5am Weird Thoughts #WhateverItis5amJesusChrist
I own a house.
The house is pretty small, just 1200 square feet, but the yard (not pictured) is right around half an acre. I have weeping willows and everything. Also my mortgage payment is only $530 a month.
It was officially “mine” at about 5pm yesterday. I got to the Title Company about nine-thirty that morning. I’d been awake since three, so I was plenty early. Had to dig my car out of the snow to get there, too, which was fun. Gave me that invigorated feeling I get where I get to go “Look! I am doing things to accomplish a goal!”
I stuttered a bit at the receptionist desk when I first got there and mumbled after that, then finally made myself understood that I was Andrew Peterson and I was there for an appointment. I was a little bit terrified to realize I was “actually doing it” even though I’d been preparing to “do it” for about five months now. Then I shook it off and decided to be excited instead.
Because I really actually did it.
I bought a house.
Lots of handshaking in the actual conference room. Then I kept having to sign a bunch of documents that referred to me as “Andrew Peterson, An Unmarried Man.” Which was… that was the only time yesterday I got a strong BC Woodsy feeling, but I just pushed through it. Still weird to see yourself referred to that way on a legal document. I think I’m going to make a joke out of it and introduce myself to people that way going forward.
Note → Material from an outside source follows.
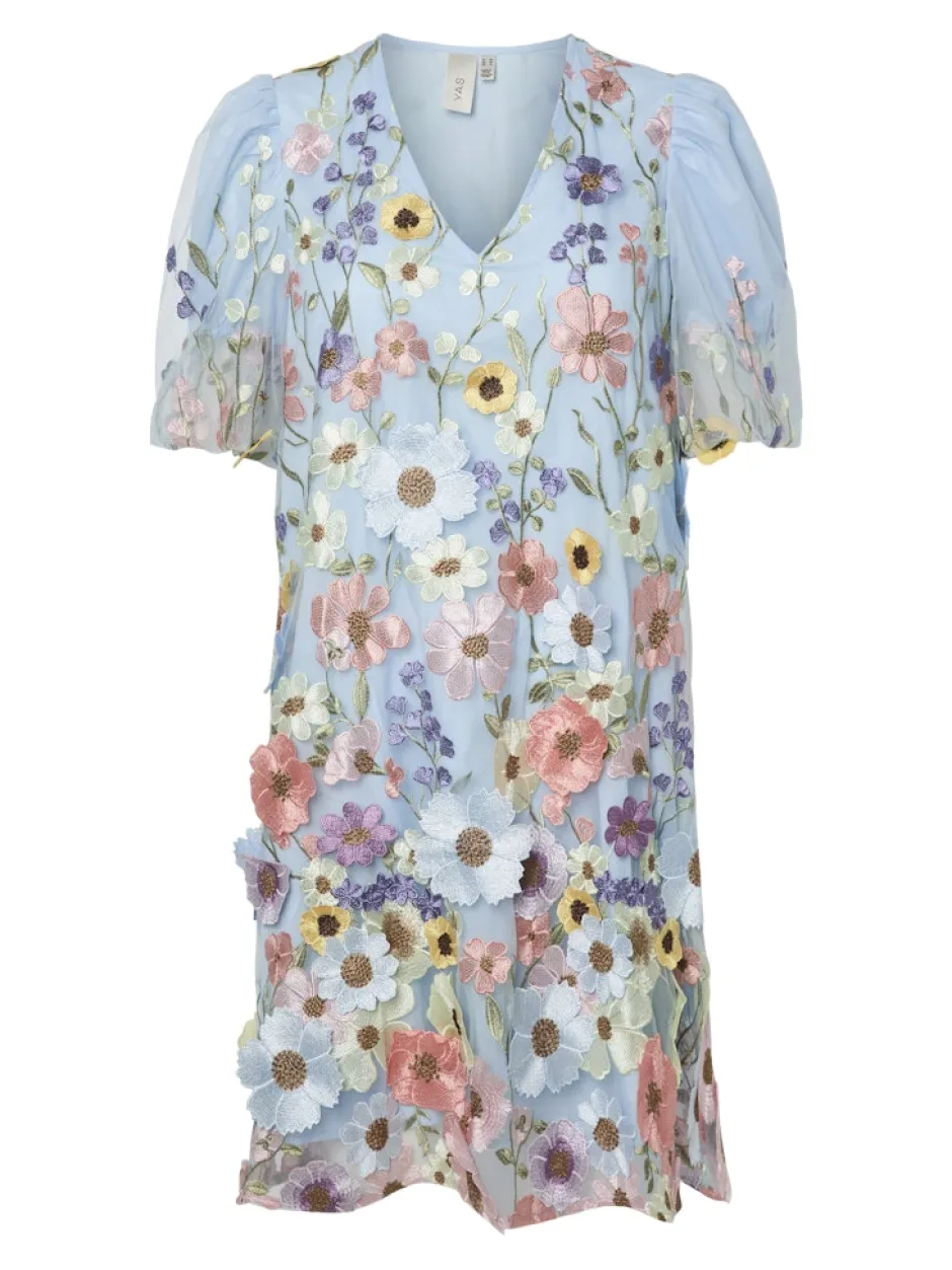 Valmistaudu juhlakauteen tällä upealla mekolla! Upeita kukkayksityiskohtia, pitkät hihat ja u-kaula-aukko.

Last two thoughts, as I have to work soon:
1. You know that scene when Andy first shows up at Shawshank prison? When everyone starts chanting “Fresh Fish!” and placing bets on who will cry first? And then you see Andy alone in his cell staring at nothing and Red wonders why he’s not crying? Watch it if you have not. Anyway, I think I can understand a bit of what he was feeling. Although it wasn’t a negative feeling by any means. More of a “this is actually happening” and “now this is what is front of me.”
It’s actually probably more like at the end of the movie when he crawls through the sewage pipe and comes out clean on the other side.
2. When I was in college I spent a weekend at a marine life research lab. We dredged the bottom of the ocean and brought up all kinds of critters. Some of the critters that came up just kind of died. I knew why already (but it works better if I tell this as a story and not as “You know, this is a fact I happen to know) but one of the students with me asked the professor.
“Sudden change in pressure. They live their whole life at the bottom with the weight of all the water on top of them every day. So when they get up here, where there is no pressure, they explode internally.”
I really hope that doesn’t happen to me.